To visualize the same Dimensionality Reduction Plot using different sources of information for coloring, the plot can be opened multiple times and the windows can be rearranged by dragging and dropping (see figure 17.2).
Figure 17.2: The same Dimensionality Reduction Plot is opened two times, and cells are colored by the automated clusters with 'Leiden (resolution=1.0)' (top) and the predicted cell types (bottom) produced by Predict Cell Types (see Predict Cell Type) using the human pre-trained cell classifier (see The Reference Data Manager). The label for the selected cell types is added on the plot by choosing 'Show labels from: Clusters' in the 'Coloring and highlighting' Side Panel group.
On mouse hover, a tool-tip shows summaries for the nearby cells (see figure 17.3).
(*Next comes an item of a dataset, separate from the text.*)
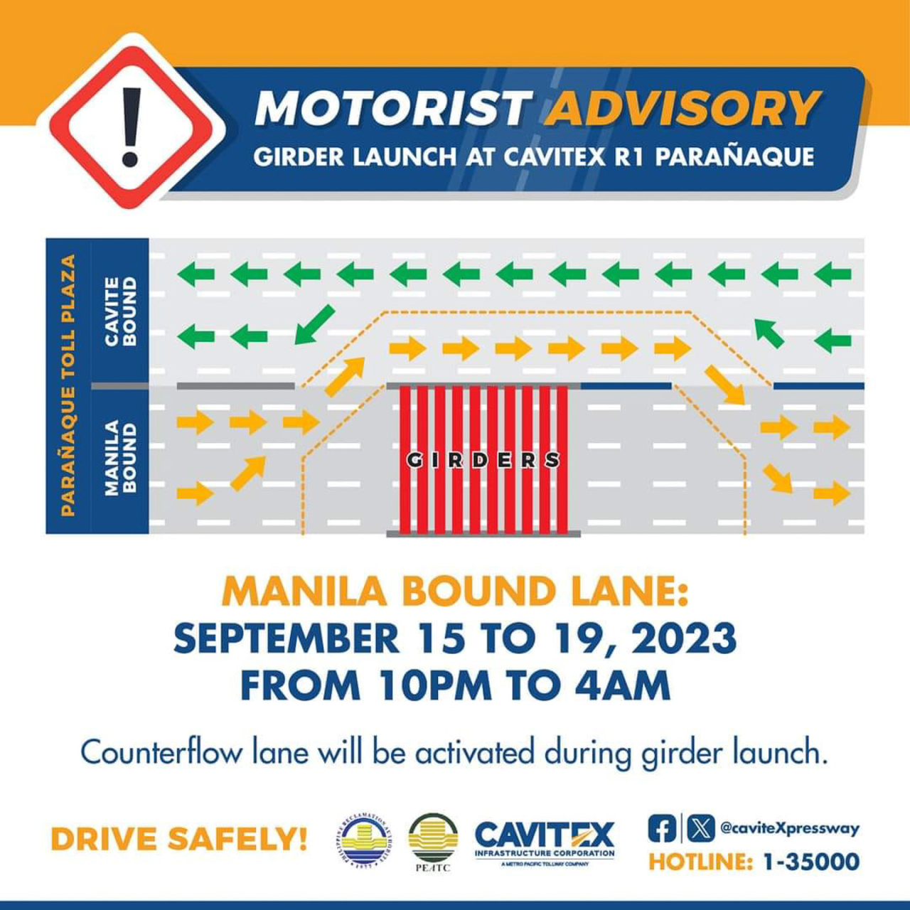 During those times, a counterflow lane in the affected area will be opened on the Cavite-bound side of CAVITEX to allow Manila-bound motorists to pass through.

The same type of summary can be obtained for a group of selected cells by choosing 'Show Information for Selected' from the plot right-click menu (see figure 17.4).
Figure 17.3: When the mouse hovers over the plot, a tool-tip is displayed summarizing the nearby cells, containing information from the elements associated to the plot, and the feature expression for any selected features.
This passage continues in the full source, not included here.